→ Exercise aim: Everything in the data that follows should be given again verbatim, except the images.

→ Provided material:

※

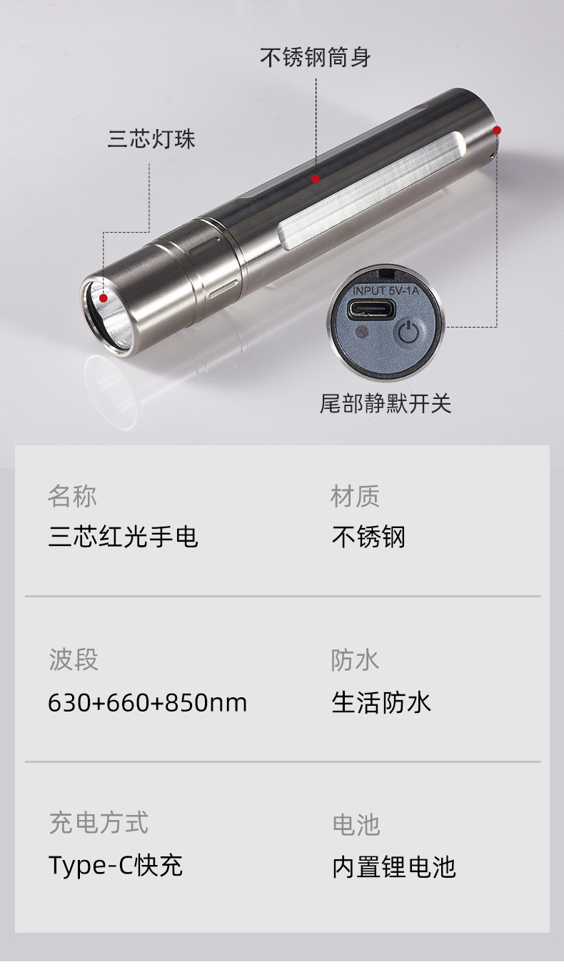 Luz roja roja transfronteriza linterna auxiliar luz infrarroja luz de acero inoxidable 630 660 850nm iluminación
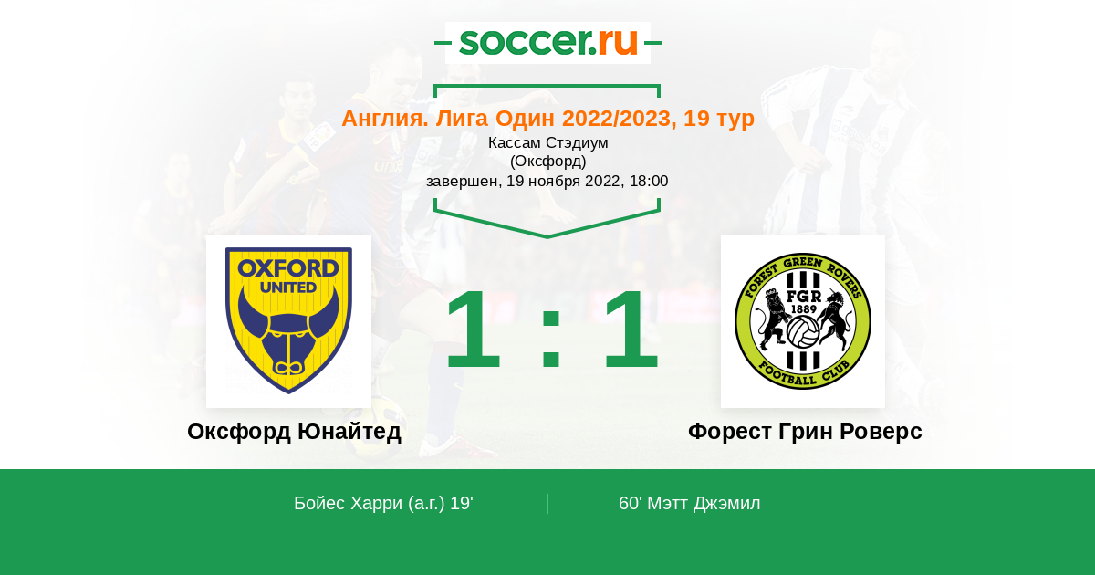Протокол матча Оксфорд Юнайтед против Форест Грин Роверс
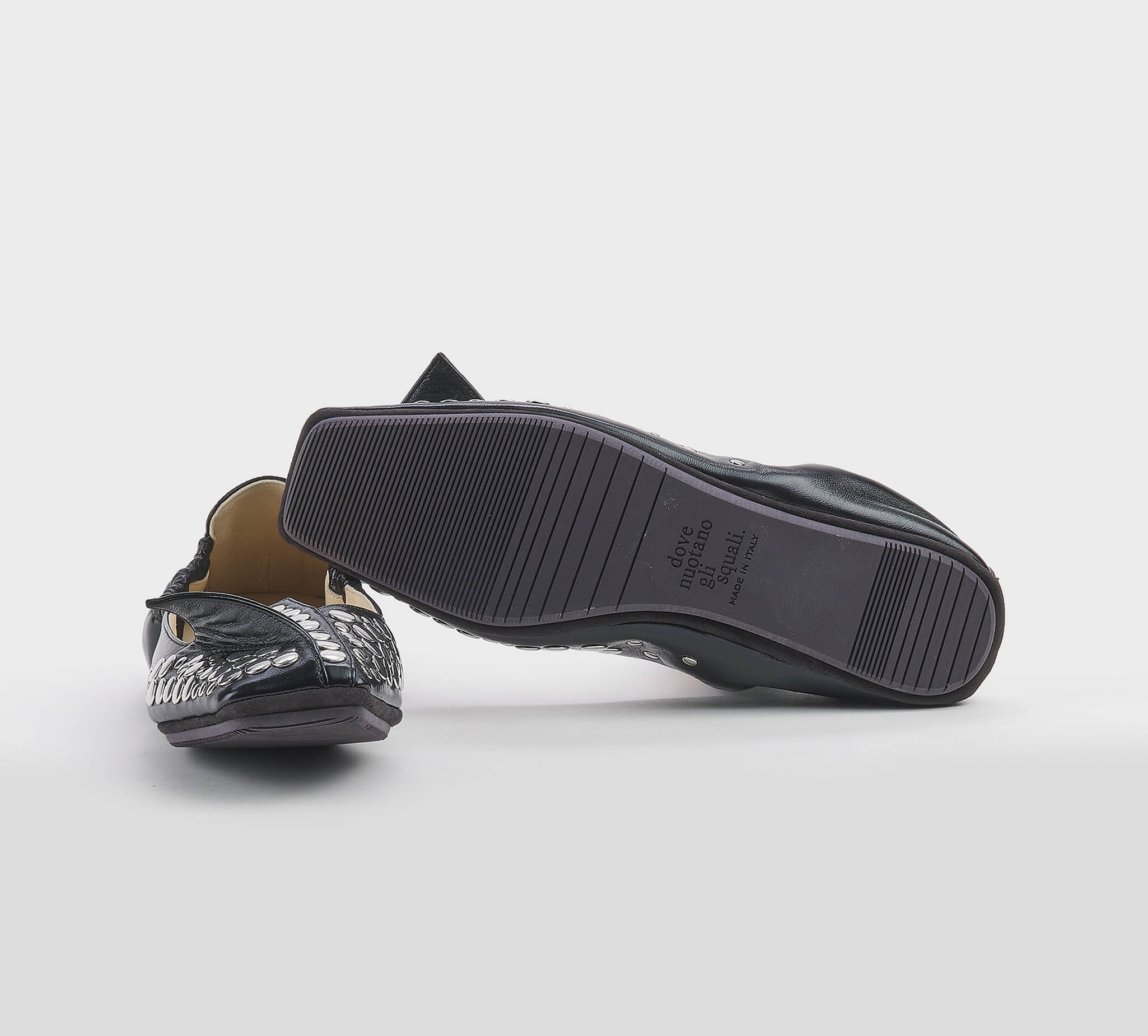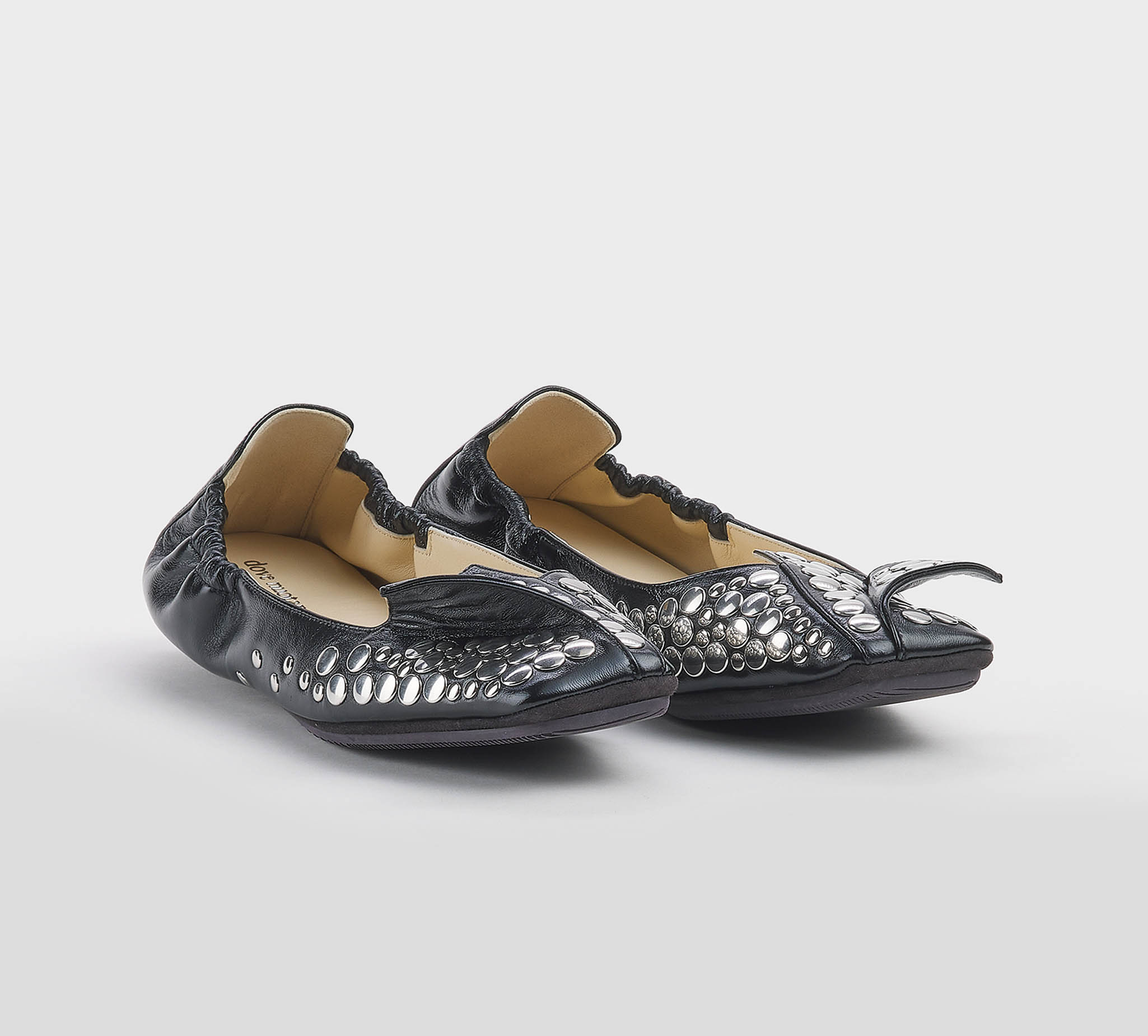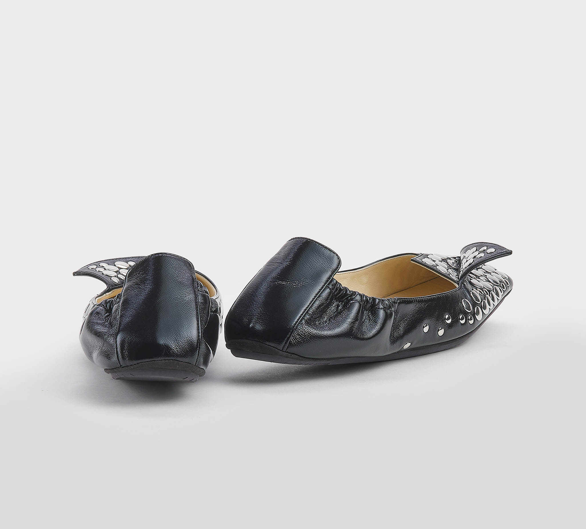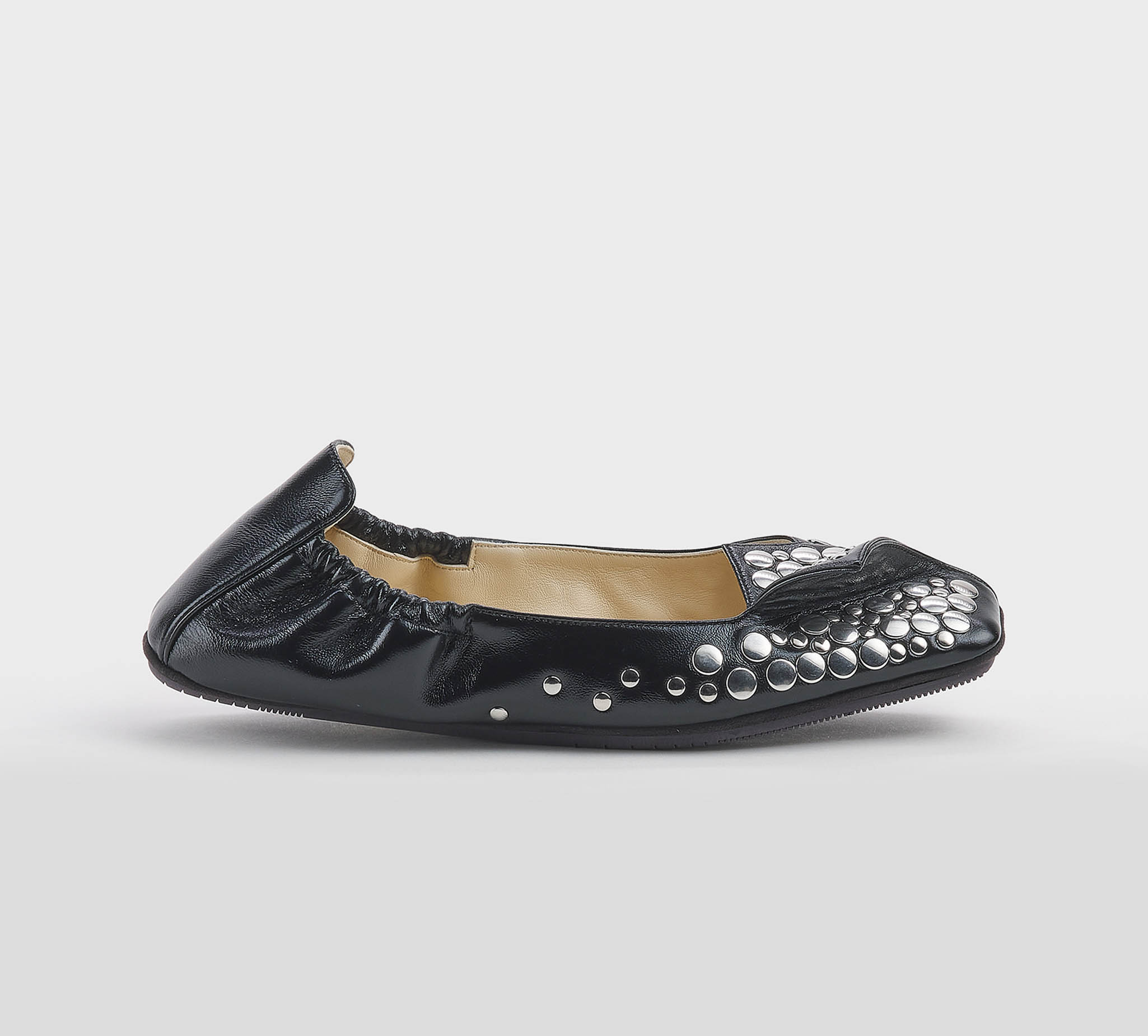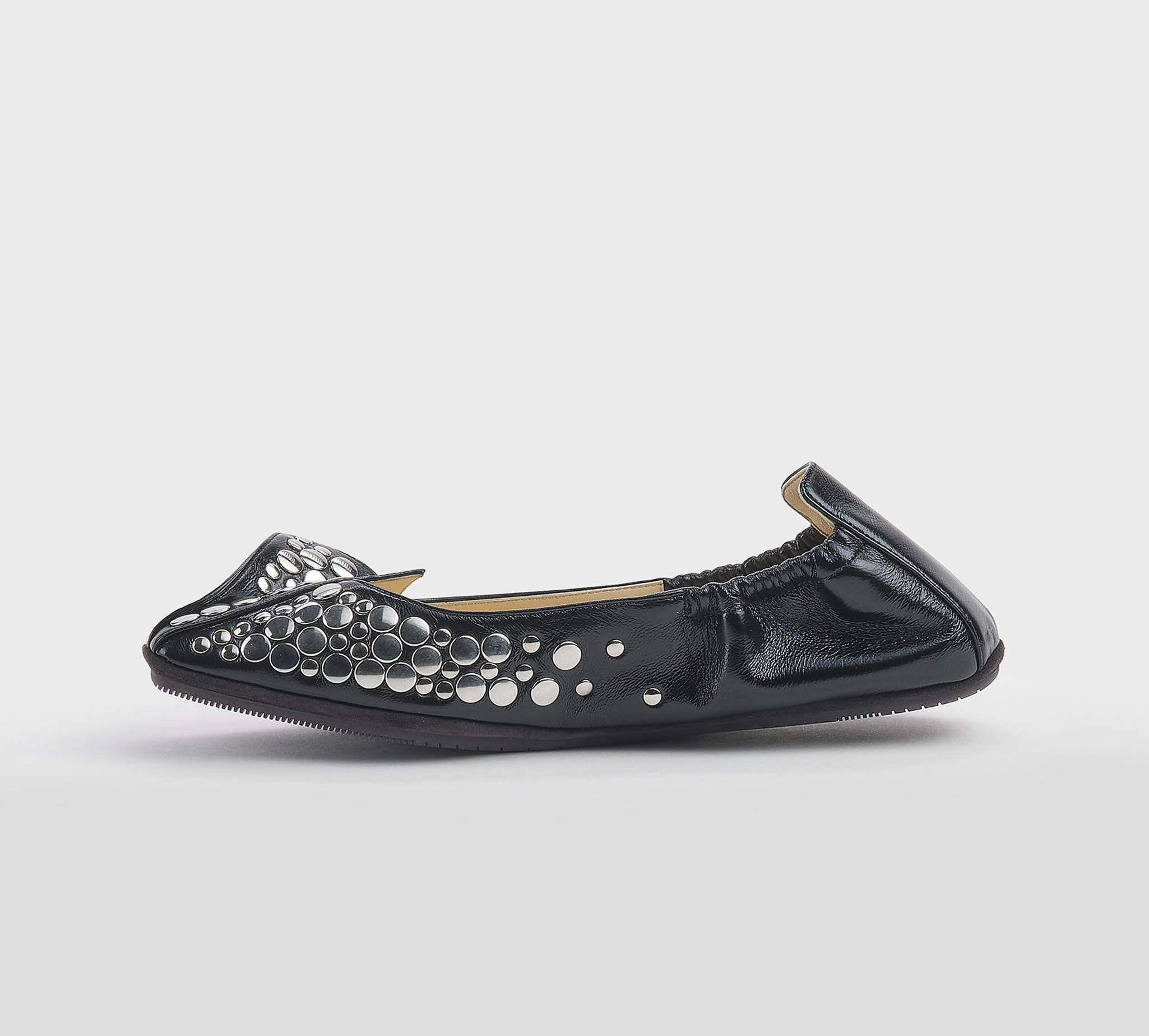 Ballerina in naplack nero -destrutturata con elastico -borchie argento -motivo a risvolto -plantare imbottito -calzata regolare Fondo gomma Made in Italy SS 26

※

→ Expected answer:
 Luz roja roja transfronteriza linterna auxiliar luz infrarroja luz de acero inoxidable 630 660 850nm iluminación
Протокол матча Оксфорд Юнайтед против Форест Грин Роверс
 Ballerina in naplack nero -destrutturata con elastico -borchie argento -motivo a risvolto -plantare imbottito -calzata regolare Fondo gomma Made in Italy SS 26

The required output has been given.